Here MR is the matrix representation of the relation R.
Inverse (R-1):-Every relation, however, has an inverse relation,so for any relation R , MR-1 exists Recall that if R is relation on A
R-1 = { (y,x)∈ A $\times$ A:(x,y) ∈ R }
it’s the relation that you get from R by ‘turning all the ordered pairs around’. This operation actually does have an effect on the matrix that is familiar from linear algebra, but it’s not taking the inverse of the matrix.it’s taking the transpose.
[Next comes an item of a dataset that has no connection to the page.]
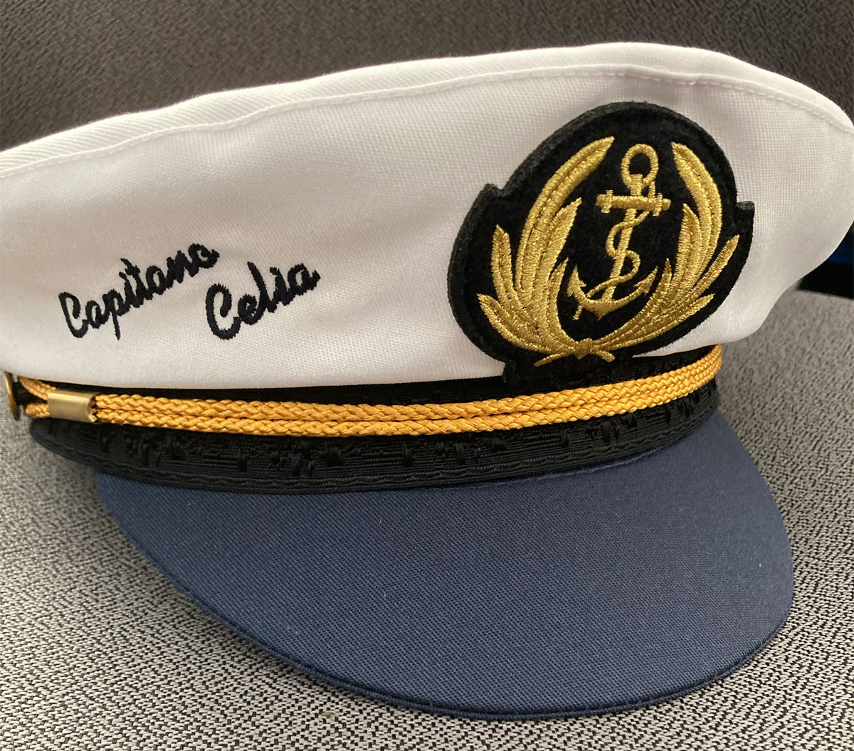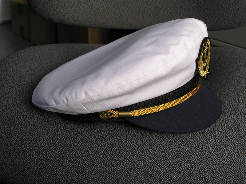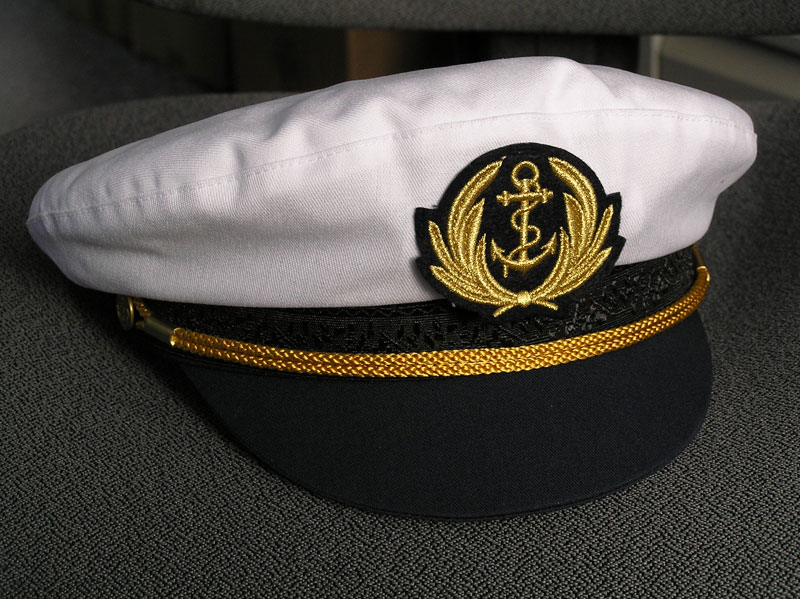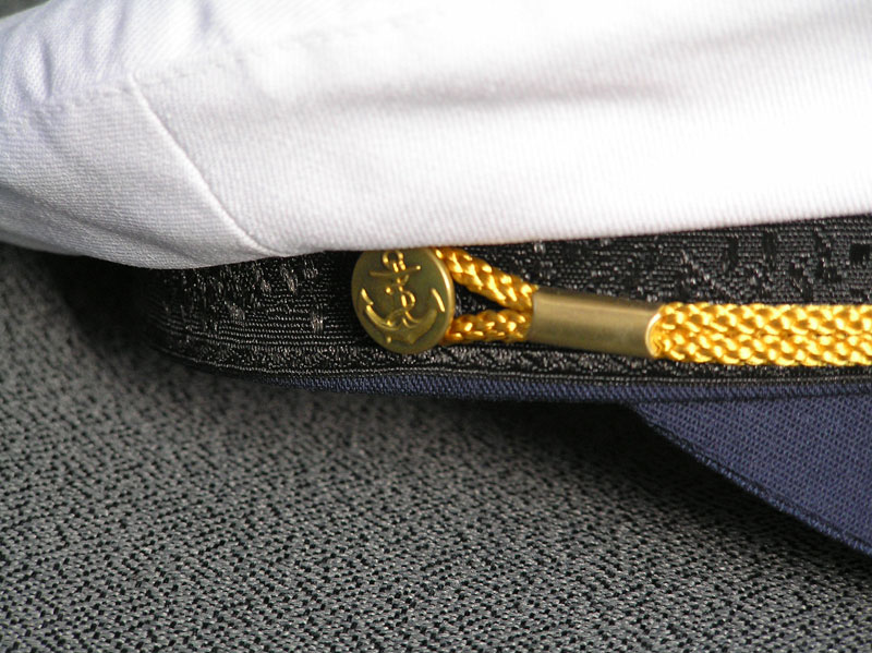Kapitänsmütze mit Stickabzeichen, goldiger Anker und Verzierungen, mit Kordel und Messingknopf.

We take the transpose of the matrix, since we want the ( i, j ) th entry of the matrix for R -1 to be 1 if and only if the ( j, i ) th entry of the matrix for R is 1.
MR=$\begin{bmatrix} 1 & 0 &0 &1 \\ 1 & 1 & 1 &1 \\ 1 &1 &0 &0 \end{bmatrix}$
MR-1=$\begin{bmatrix} 1 &1 &1 \\ 0& 1&1 \\ 0& 1& 0\\ 0& 1& 0 \end{bmatrix}$
Note :-Here we are finding MR-1 not ( MR )-1.
Complement ($\bar R$) :- In $\bar R$ If the ijth entry of MR is x, then the ijth entry of M$\bar R$ is (x+1) mod 2. In other words, every 0 is replaced by 1 and every 1 is replaced by 0.
M$\bar R$ =$\begin{bmatrix} 0 &1 &1 &0 \\ 0& 0 & 0 & 0\\ 0& 0 & 1 &1 \end{bmatrix}$